BALTIMORE, OCT. 26 -- Federal prosecutors have accused Bolar Pharmaceutical Co. of fraudulently obtaining government approval to market its lucrative generic version of the hypertension drug Dyazide by secretly substituting the brand-name drug for the generic in tests.

Spelling out details for the first time in the long-brewing case, prosecutors alleged that executives of Bolar, based in Copiague, N.Y., orchestrated a scheme to substitute the brand-name product for their cheaper, copycat version in government tests, then ordered employees to erase computer tapes, hide notebooks, backdate records and lie to outside investigators. Samples of Bolar's version of the drug had failed the tests, according to court papers.

Sales of Bolar's version of Dyazide totaled $142 million between August 1987 and January of this year. It was withdrawn from the market in January at the Food and Drug Administration's request, amid charges of fraud during safety testing. It is unknown whether any of the 500,000 people who took the drug for high blood pressure were harmed.

The drug substitution allegation "represents only the tip of the iceberg" in the ongoing investigation of Bolar and other generic drug companies, said Breckinridge L. Willcox, the U.S. attorney for Maryland.

His comments came as Gena R. Finelli, 47, former director of Bolar's research laboratory, pleaded guilty Thursday in federal court here to obstructing the government probe. Willcox said the company falsified documents on additional drugs and more charges are expected.

Bolar officials declined to comment today. When allegations of irregularities surfaced almost two years ago, Bolar blamed possible inaccuracies in its reports to the FDA on clerical errors.

Later, Bolar attorneys said some apparent falsehoods had been discovered during an internal investigation, but did not acknowledge the alleged product substitution.

Bolar's hypertension drug, called Triamterene/Hydrochlorothiazide, sold for about half the price of Dyazide, manufactured by SmithKline Beecham. At one point, it was the largest-selling prescription generic drug in the country. SmithKline shareholders have filed a multimillion-dollar lawsuit against Bolar, contending it fraudulently cut into SmithKline's market.

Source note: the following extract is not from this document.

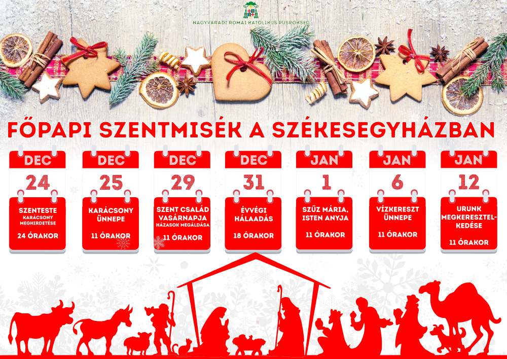 A Nagyváradi Római Katolikus Püspökség karácsonyi és újévi központi programjai, valamint a pontifikális szentmisék rendje a nagyváradi Székesegyházban.

Bolar and several other manufacturers in the hotly competitive generic drug field have come under parallel criminal and congressional investigations for alleged fraud and corruption. The FDA's generic drug division also is under investigation.

In addition to a probe by the House Energy and Commerce subcommittee on oversight and investigations, federal prosecutors working with agents of the inspector general's office of the Department of Health and Human Services have obtained convictions against 10 drug companies, executives and consultants on charges ranging from racketeering to giving FDA chemists thousands of dollars in illegal gratuities. Four FDA employees have been convicted of receiving the gratuities, and the former head of the FDA's generic drug division is on trial here on perjury charges.

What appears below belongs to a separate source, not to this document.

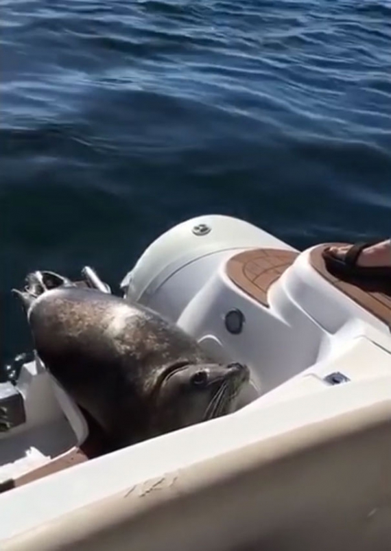Спасаясь от 12 косаток перепуганый морской котик запрыгнул на лодку, что совершала тур возле побережья острова Ванкувер в Канаде. Событие заснял на камеру турист Кирк Фрейзер. Пишет BoredPanda.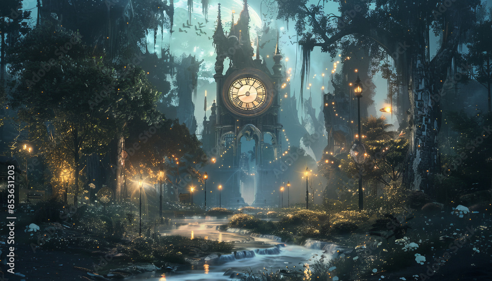 The watermark will not be included on Wall mural.: A fantasy scene with a large clock tower in the center by ai generated image

Finelli, of Huntington, N.Y., is the only Bolar official charged so far and is now cooperating with investigators, prosecutors said. In a statement of facts filed in the Finelli case, 1st Assistant U.S. Attorney Gary P. Jordan said Finelli and others participated in the Dyazide substitution scheme and were ordered by unidentified superiors to throw investigators off the track by hiding, destroying or falsifying records.

In early 1987, according to Jordan, Bolar employees filled Bolar capsules with SmithKline's Dyazide powder and submitted them to an independent laboratory to be tested for bioequivalence, or therapeutic similarity, to Dyazide, a finding necessary to FDA approval. Bolar also submitted a sample batch of its own version of the drug.

Only the batch containing Dyazide passed the bioequivalency test, Jordan said, and Bolar sent the results for that batch to the FDA.

An FDA employee spotted a discrepancy in batch numbers, triggering an investigation. Jordan said Bolar executives then moved to hide evidence of the product substitution.

Finelli's attorneys said in a statement after her guilty plea that she was "more a victim than a participant in any wrongdoing at Bolar."